GOAL OF THE EXERCISE: Transcribe the records below. Leave nothing out and change nothing.

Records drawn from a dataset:
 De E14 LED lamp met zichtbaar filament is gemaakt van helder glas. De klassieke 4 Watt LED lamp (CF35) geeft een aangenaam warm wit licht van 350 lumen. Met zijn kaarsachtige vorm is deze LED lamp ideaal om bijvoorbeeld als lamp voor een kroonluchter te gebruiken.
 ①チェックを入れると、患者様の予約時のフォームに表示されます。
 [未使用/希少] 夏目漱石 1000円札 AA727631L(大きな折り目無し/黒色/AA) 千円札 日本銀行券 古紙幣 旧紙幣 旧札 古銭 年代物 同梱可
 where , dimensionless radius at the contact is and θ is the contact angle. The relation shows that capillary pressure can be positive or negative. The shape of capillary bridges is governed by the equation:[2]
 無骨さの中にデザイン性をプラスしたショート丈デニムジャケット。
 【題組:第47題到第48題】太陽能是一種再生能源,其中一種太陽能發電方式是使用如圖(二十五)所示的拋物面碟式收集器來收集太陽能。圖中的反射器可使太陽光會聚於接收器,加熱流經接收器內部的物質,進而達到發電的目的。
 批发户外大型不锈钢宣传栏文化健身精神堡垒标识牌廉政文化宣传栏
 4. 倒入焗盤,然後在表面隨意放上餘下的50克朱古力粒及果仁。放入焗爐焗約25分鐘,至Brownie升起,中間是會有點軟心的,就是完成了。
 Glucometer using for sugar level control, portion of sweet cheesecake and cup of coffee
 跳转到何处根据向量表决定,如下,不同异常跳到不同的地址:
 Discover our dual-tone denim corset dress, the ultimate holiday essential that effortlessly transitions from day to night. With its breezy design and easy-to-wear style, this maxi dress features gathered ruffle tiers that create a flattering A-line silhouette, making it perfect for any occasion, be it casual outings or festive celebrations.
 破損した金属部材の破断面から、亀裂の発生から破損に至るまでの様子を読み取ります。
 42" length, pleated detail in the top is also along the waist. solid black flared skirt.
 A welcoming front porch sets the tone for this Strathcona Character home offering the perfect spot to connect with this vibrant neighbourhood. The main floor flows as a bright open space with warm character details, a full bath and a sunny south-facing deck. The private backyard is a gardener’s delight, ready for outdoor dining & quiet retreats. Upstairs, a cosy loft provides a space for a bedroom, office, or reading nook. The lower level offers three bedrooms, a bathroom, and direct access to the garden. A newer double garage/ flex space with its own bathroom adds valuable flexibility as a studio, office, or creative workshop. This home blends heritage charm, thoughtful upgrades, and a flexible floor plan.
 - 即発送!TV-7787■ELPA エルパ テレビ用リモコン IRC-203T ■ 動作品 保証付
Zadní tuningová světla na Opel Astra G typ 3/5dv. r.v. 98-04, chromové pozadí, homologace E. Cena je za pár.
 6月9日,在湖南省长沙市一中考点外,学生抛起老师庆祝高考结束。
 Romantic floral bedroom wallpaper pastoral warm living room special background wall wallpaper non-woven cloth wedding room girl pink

EXERCISE RESULT:
 De E14 LED lamp met zichtbaar filament is gemaakt van helder glas. De klassieke 4 Watt LED lamp (CF35) geeft een aangenaam warm wit licht van 350 lumen. Met zijn kaarsachtige vorm is deze LED lamp ideaal om bijvoorbeeld als lamp voor een kroonluchter te gebruiken.
 ①チェックを入れると、患者様の予約時のフォームに表示されます。
 [未使用/希少] 夏目漱石 1000円札 AA727631L(大きな折り目無し/黒色/AA) 千円札 日本銀行券 古紙幣 旧紙幣 旧札 古銭 年代物 同梱可
 where , dimensionless radius at the contact is and θ is the contact angle. The relation shows that capillary pressure can be positive or negative. The shape of capillary bridges is governed by the equation:[2]
 無骨さの中にデザイン性をプラスしたショート丈デニムジャケット。
 【題組:第47題到第48題】太陽能是一種再生能源,其中一種太陽能發電方式是使用如圖(二十五)所示的拋物面碟式收集器來收集太陽能。圖中的反射器可使太陽光會聚於接收器,加熱流經接收器內部的物質,進而達到發電的目的。
 批发户外大型不锈钢宣传栏文化健身精神堡垒标识牌廉政文化宣传栏
 4. 倒入焗盤,然後在表面隨意放上餘下的50克朱古力粒及果仁。放入焗爐焗約25分鐘,至Brownie升起,中間是會有點軟心的,就是完成了。
 Glucometer using for sugar level control, portion of sweet cheesecake and cup of coffee
 跳转到何处根据向量表决定,如下,不同异常跳到不同的地址:
 Discover our dual-tone denim corset dress, the ultimate holiday essential that effortlessly transitions from day to night. With its breezy design and easy-to-wear style, this maxi dress features gathered ruffle tiers that create a flattering A-line silhouette, making it perfect for any occasion, be it casual outings or festive celebrations.
 破損した金属部材の破断面から、亀裂の発生から破損に至るまでの様子を読み取ります。
 42" length, pleated detail in the top is also along the waist. solid black flared skirt.
 A welcoming front porch sets the tone for this Strathcona Character home offering the perfect spot to connect with this vibrant neighbourhood. The main floor flows as a bright open space with warm character details, a full bath and a sunny south-facing deck. The private backyard is a gardener’s delight, ready for outdoor dining & quiet retreats. Upstairs, a cosy loft provides a space for a bedroom, office, or reading nook. The lower level offers three bedrooms, a bathroom, and direct access to the garden. A newer double garage/ flex space with its own bathroom adds valuable flexibility as a studio, office, or creative workshop. This home blends heritage charm, thoughtful upgrades, and a flexible floor plan.
 - 即発送!TV-7787■ELPA エルパ テレビ用リモコン IRC-203T ■ 動作品 保証付
Zadní tuningová světla na Opel Astra G typ 3/5dv. r.v. 98-04, chromové pozadí, homologace E. Cena je za pár.
 6月9日,在湖南省长沙市一中考点外,学生抛起老师庆祝高考结束。
 Romantic floral bedroom wallpaper pastoral warm living room special background wall wallpaper non-woven cloth wedding room girl pink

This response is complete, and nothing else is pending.